GLENDALE, Ariz. - Ellis Hobbs has seen enough recent footage of Plaxico Burress to have formulated a plan for keeping up with the Giants receiver's fleet feet in the Super Bowl.
Hobbs was avoiding specific analysis yesterday during Media Day at University of Phoenix Stadium. But Hobbs seemed confident of the Patriots' tactics, despite Burress's success against them in the final game of the regular season and against the Green Bay Packers in the NFC Championship game.
"We did a poor job covering in the back," Hobbs said of New England's secondary in a 38-35 win. "But the positive is, we still won the game. I'm not giving anything away; our main focus now is to execute the game plan."
Asked the best way to defend against Burress and other Giants receivers, Hobbs replied:
"You have to get as tight and as close as you can to them."
Which was precisely the Packers' method.
"There were flaws in [Green Bay's] game plan," Hobbs said. "There were errors in judgment. We saw some things that could have been done better and we are looking to take advantage of that."
The Giants had little trouble with the up-close-and-personal coverage of Packers cornerback Al Harris in taking a 23-20 overtime win in Green Bay Jan. 20. Burress either sped past Packers defenders or deceived them, with quarterback Eli Manning delivering passes at just the right moment. Harris often was out of position or penalized while attempting to contain Burress, who caught 11 passes for 151 yards.
The Patriots struggled to keep up with Burress Dec. 29, when he caught four passes for 84 yards and two touchdowns.
The Patriots likely will vary their coverage of Burress. New England also will limit the number of times Hobbs is isolated on Burress, though that will depend on the success of the Giants' running game.
Hobbs said the Patriots also will have to be physical when defending the run, particularly against bruising tailback Brandon Jacobs.
"You've got to be a man," he said. "This is a man's game, it's a violent game. You can't shy away. You have to go into him with a full head of steam and hope he falls down. It's like chopping wood. You keep chopping and, eventually, they fall down."
The Giants are likely to attack Hobbs ahead of fellow corner Asante Samuel (six interceptions).
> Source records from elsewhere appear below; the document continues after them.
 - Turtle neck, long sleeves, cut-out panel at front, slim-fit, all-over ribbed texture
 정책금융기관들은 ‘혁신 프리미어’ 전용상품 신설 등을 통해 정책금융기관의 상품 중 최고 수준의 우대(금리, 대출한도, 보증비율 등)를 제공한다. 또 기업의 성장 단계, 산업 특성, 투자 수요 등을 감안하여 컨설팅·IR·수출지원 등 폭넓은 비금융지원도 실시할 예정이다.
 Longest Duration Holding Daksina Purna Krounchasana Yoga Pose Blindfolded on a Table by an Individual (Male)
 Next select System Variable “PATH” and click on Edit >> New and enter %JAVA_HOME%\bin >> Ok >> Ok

Hobbs, at 5 feet 9 inches, 195 pounds, has a size disadvantage against Burress (6-5, 232 pounds) and Jacobs (6-4, 264 pounds), but he welcomes the challenge.
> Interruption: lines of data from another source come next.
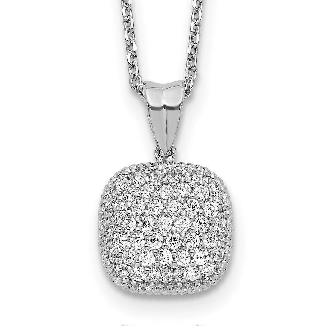 925 Sterling Silver Rhodium Plated Cubic Zirconia Square With 2in Extension Necklace 16 Inch 1mm Wide Pendant Necklace f
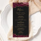 Este elegante e moderno menu de casamento apresenta bordas de cima e de baixo da cor d'água burgundy, cortada com brilho dourado. O texto aparece em letras elegantes douradas, letras itálicas e em placas em fundo preto ardente. O design de ágata é repetido no reverso.
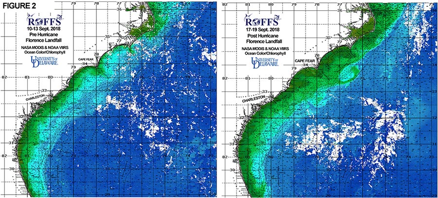 Roffer's Ocean Fishing Forecasting Service (ROFFS™) uses IDL® and ENVI® software and routines to take raw NOAA, NASA and ESA (European Space Agency) satellite data and process them to a user-friendly format to analyze for private industry and scientific research needs. More specifically we developed IDL and ENVI code and utilized their routines to download real-time satellite data and then georeference, re-project, and calibrate the images and output them to a usable format. The two case studies outlined below use IDL and ENVI to help fisherman find the most productive areas to fish, and tracking contaminated runoff from Hurricane Florence.
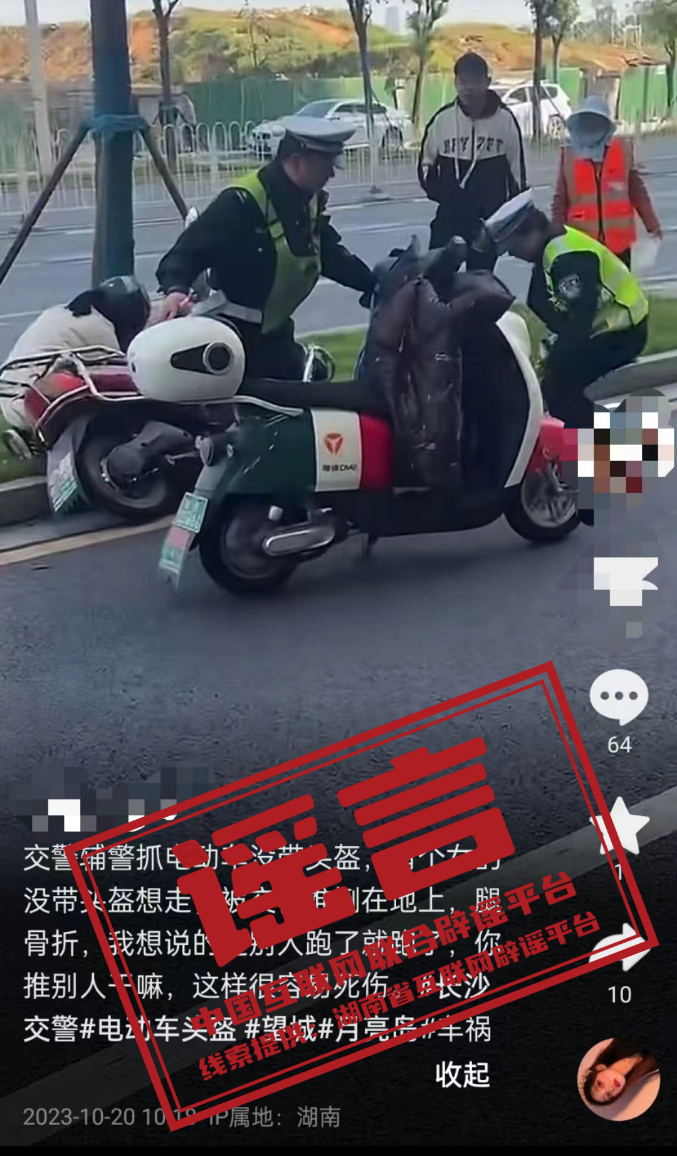 謠言:長沙交警執(zhí)法時推倒電動車?

"You have to have a quiet swagger," Hobbs said. "All the criticism and comment brushes off, it falls off, it doesn't bother me. I don't tell you how to do your job. I don't let it bother me when people who don't know my job criticize me."
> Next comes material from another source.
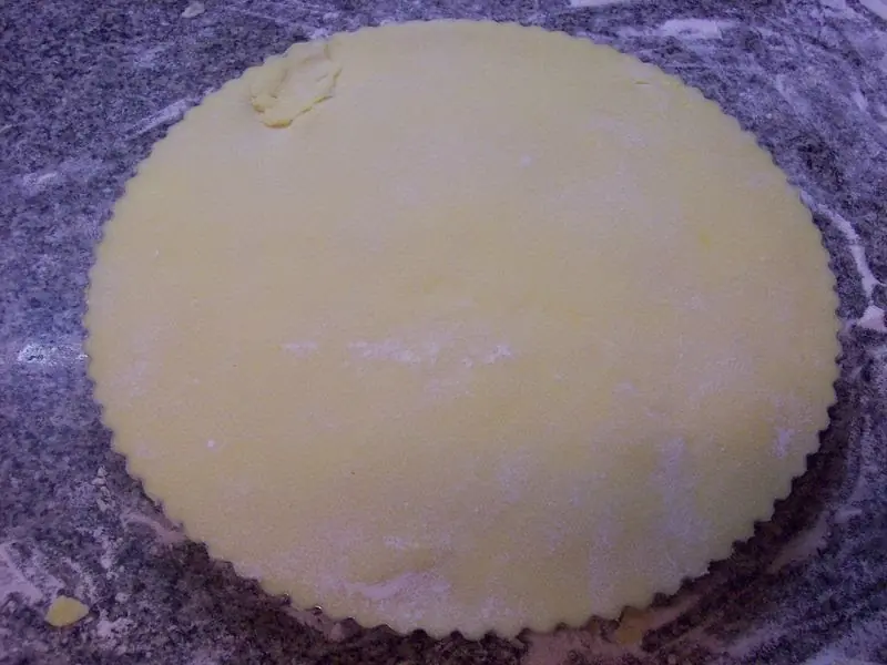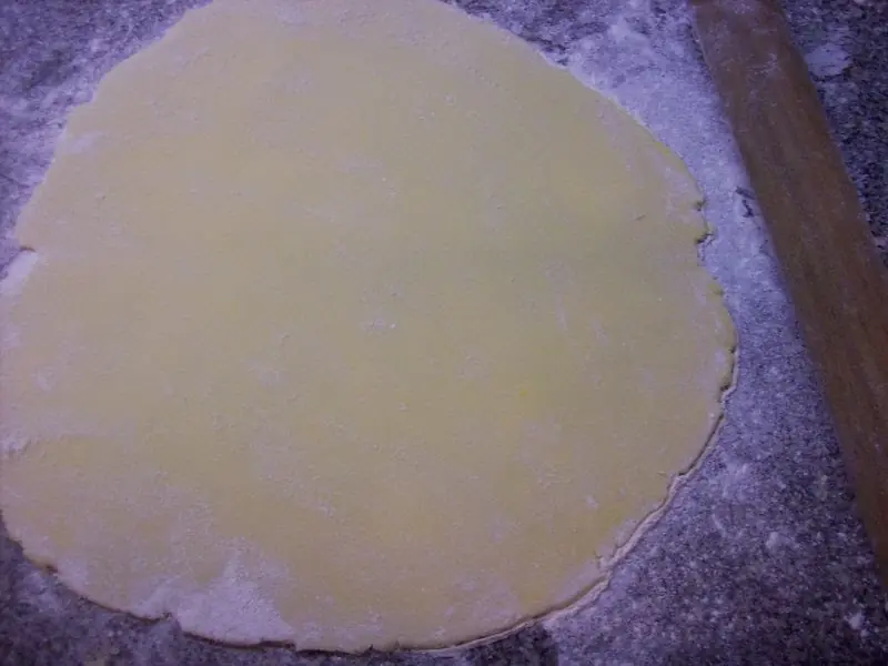 Estirar la masa lo más redonda posible de 1/2 cm (aprox) de espesor

Hobbs started the season spectacularly, a 108-yard kickoff return in a 38-14 win over the New York Jets tying the league record for the longest return, and is concluding it strong. Hobbs made his first interception of the season in the fourth quarter against the Giants and had a second-quarter interception against San Diego in the AFC Championship game.
Hobbs joined the Patriots after the 2005 Super Bowl and did not become a full-time starter until this season. Hobbs seems more than happy to be here.
"You've got to love it," Hobbs said. "This is a great opportunity to show the world what you can do out there. That's all you can ask for. It's what we've asked for all our lives."